Araştırmalar gösteriyor ki, bireylerle ilgili ilk izlenimin yüzde 93’ünü sözsüz iletişim olarak adlandırılan beden dili, yüzde 7’sini ise bireyin söyledikleri oluşturuyor. Yani, bir kişi hakkında fikir sahibi olmak için 30 saniye yeterli.
Tabii iletişim başarısının arkasında “görünüş”, “ses tonu” ve “söylenenler” de bulunuyor. Özellikle de iş mülakatlarında karşılaşılan bu durum adayları çok zorluyor. Siz de iş mülakatında doğal cazibenizin iyi bir izlenim için yeterli olacağını düşünenlerdenseniz yanılıyorsunuz.

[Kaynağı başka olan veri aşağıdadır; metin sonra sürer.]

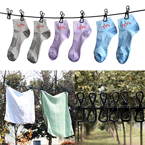 Stendibiancheria,KKtick portatile elastico Clothesline corda per asciugare clip da viaggio 12 pezzi per la casa, di viaggio,180-360cm (nero)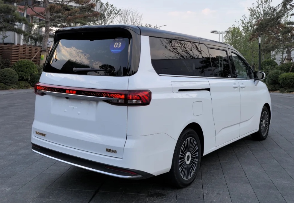 车身侧面,新车整体造型非常修长,车身采用高强度笼式结构,配备双侧侧滑门。尺寸方面,新车长宽高分别为5317/1870/1955mm,轴距为3200mm,定位中大型MPV,提供7座和9座两种座椅布局。作为参考,锐胜王牌M7长宽高分别为5240/1870/1950mm,轴距为3200mm。相比之下,新车长度和高度均有小幅增加,宽度和轴距则保持一致。车尾部分,新车整体造型看起来方方正正,尾灯采用贯穿式灯组设计,并加入了一根银色的镀铬饰条,提升尾部造型的精致度,“BAM”品牌标识也融入在灯组中央,夜间点亮极具辨识度。另外,新车还采用整体上掀式尾门布局,并可提供可选装电动侧滑门。排气方面,新车燃油版车型和增程版车型均采用隐藏式排气布局。

Mülakatın daha başında çoğu insan gibi siz de genel hatalar yapabilirsiniz. Özellikle de ilk 30 saniyede. Uzmanlara göre odaya girer girmez iyi bir izlenim bırakmak için ilk 30 saniye çok önemli. Peki, bunun için ne yapmalı? Mülakatta kendinizi tanıtırken en iyi izlenimi bırakmanız için yapmanız gerekenleri sizin için sıraladık.
Kısa konuşun
Kendinizi tanıtırken kısa ve olumlu konuşun. O işle doğrudan ilgili ve sizinle mülakat yapan kişiye uygun şeyler üzerinde durun. Mülakatın sizin ne kadar zeki ya da iyi bir insan olup olmadığınızı değil, o işe ne kadar uygun olduğunuzu belirlemek için yapıldığını unutmayın.
Robot gibi davranmayın
Peki kendinizi nasıl takdim edebilirsiniz? Normal bir insan gibi. İşverenler insanların profesyonelce davranmasını ister, robot gibi değil.
İstekli olduğunuzu gösterin
Ancak fazla tecrübeniz yoksa ve yapmak istediğiniz şey staj tarzı bir işse daha önceki rolünüze dair veriler sunmak gerekmez. Kimse işletme bakımından önemli görevleri stajyerlere vermeyecektir. Sizden beklenen, biraz katkıda bulunmanızdır sadece. Bu durumda, zeki ve istekli bir genç olduğunuzu göstermeniz yeterli olacaktır.
Katkınızı sayılara dökün
Kendinizle ilgili söyleyebileceğiniz fazlaca şey olmayabilir; ama en azından iş için gereken asgari özelliklere sahip olduğunuzu göstermeniz gerekir. Örneğin; bir önceki işinizde yaptığınız katkıları rakamsal olarak ifade edebilmek, örneğin sizin sayenizde satışların ne oranda arttığını ifade etmek yararlı olabilir.